| Dataset section |
▼▼▼

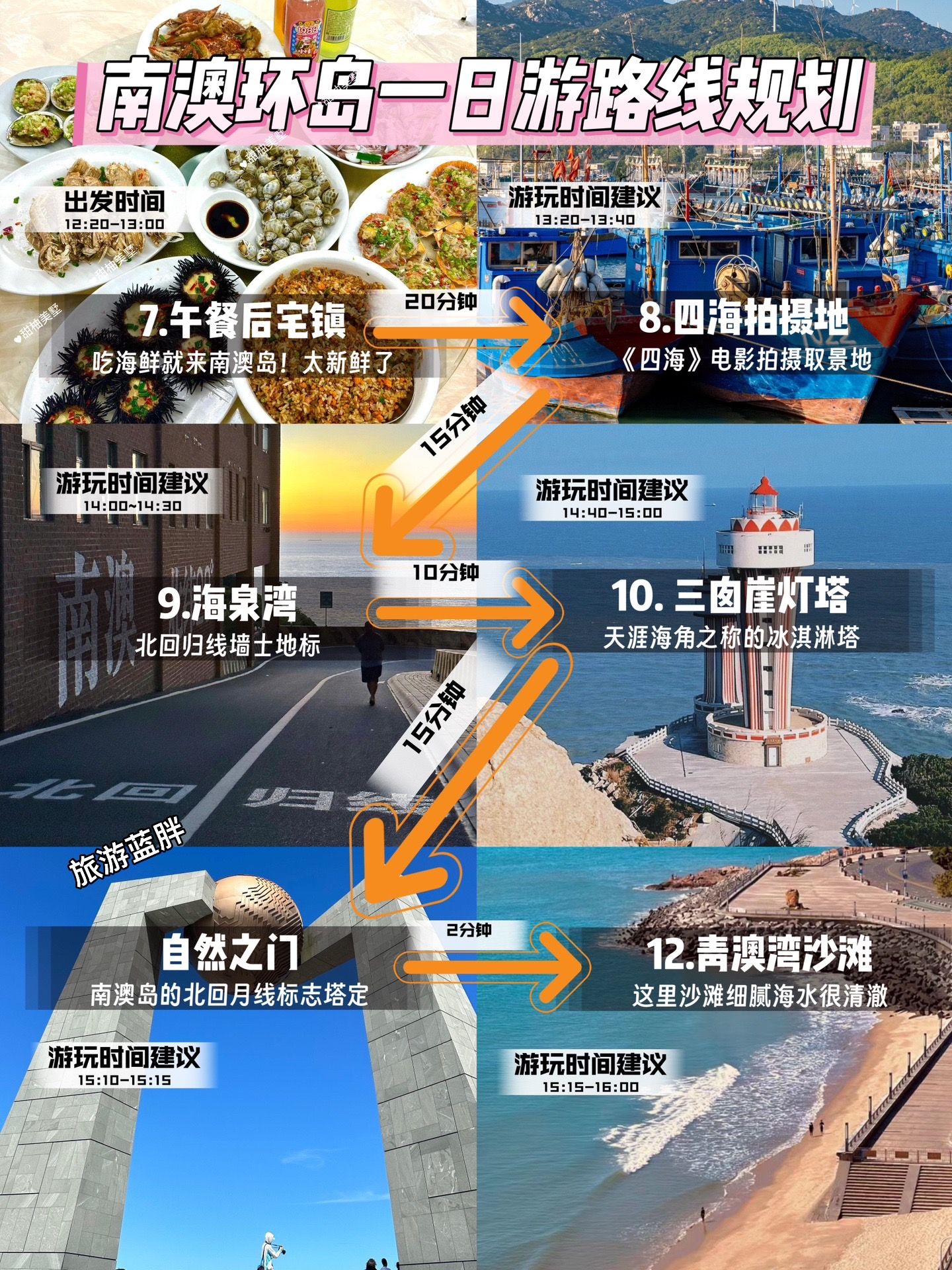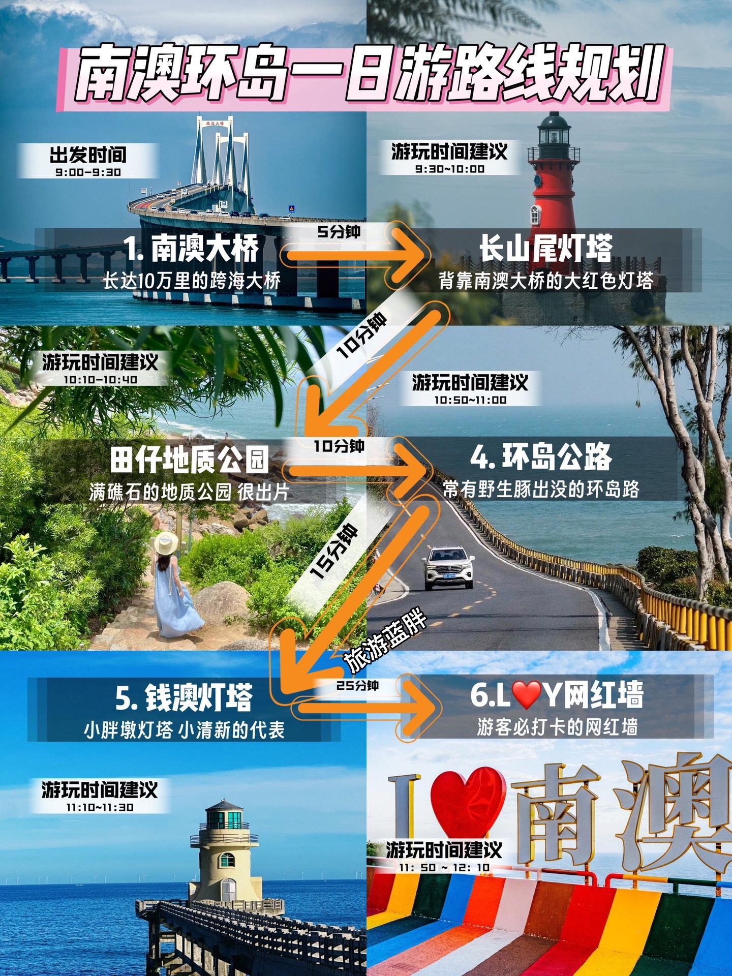 推荐路线:南澳大桥长山尾灯塔钱澳湾灯塔三囱崖灯塔青澳湾自然之门回归线地标
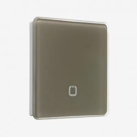 Сенсорный одноканальный беспроводной выключатель. Выполнен из закаленного стекла в лаконичном современном дизайне. При нажатии издает звук. Работа от одной батарейки более 7 лет. Частота 868 МГц, на которой работает выключатель, позволяет управлять освещением на расстоянии до 250 м. Представлен в 11 цветах: алюминиевый, бежевый, графит, светло-коричневый, светло-серый, серо-голубой, серый, слоновая кость, темно-коричневый, черный, белый.
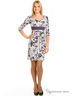 Платье приталенного покроя с рукавами 3/4 и округлым вырезом горловины. Изделие выполнено из принтованной ткани и декорировано вставкой из ткани контрастного цвета спереди. Отличный вариант на каждый день.
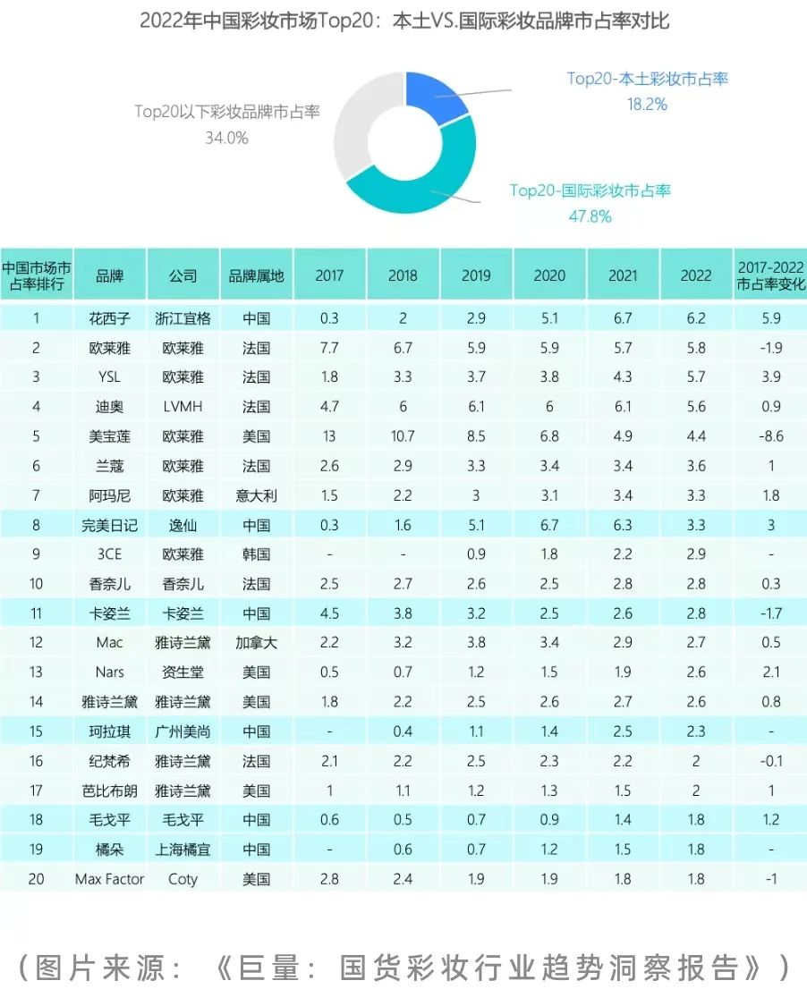 根據(jù)巨量《國貨彩妝行業(yè)趨勢洞察報告》,2022年中國彩妝市場TOP20中,本土品牌僅7個席位,且這7個品牌的總市占率僅18.2%。2023年是不少國貨迎來“潑天的富貴”的一年,但同時也有不少新銳國貨品牌消失,國貨化妝品的出路究竟在哪里?

▲▲▲

Reprint the listing above verbatim but drop the images.

 推荐路线:南澳大桥长山尾灯塔钱澳湾灯塔三囱崖灯塔青澳湾自然之门回归线地标
 Сенсорный одноканальный беспроводной выключатель. Выполнен из закаленного стекла в лаконичном современном дизайне. При нажатии издает звук. Работа от одной батарейки более 7 лет. Частота 868 МГц, на которой работает выключатель, позволяет управлять освещением на расстоянии до 250 м. Представлен в 11 цветах: алюминиевый, бежевый, графит, светло-коричневый, светло-серый, серо-голубой, серый, слоновая кость, темно-коричневый, черный, белый.
 Платье приталенного покроя с рукавами 3/4 и округлым вырезом горловины. Изделие выполнено из принтованной ткани и декорировано вставкой из ткани контрастного цвета спереди. Отличный вариант на каждый день.
 根據(jù)巨量《國貨彩妝行業(yè)趨勢洞察報告》,2022年中國彩妝市場TOP20中,本土品牌僅7個席位,且這7個品牌的總市占率僅18.2%。2023年是不少國貨迎來“潑天的富貴”的一年,但同時也有不少新銳國貨品牌消失,國貨化妝品的出路究竟在哪里?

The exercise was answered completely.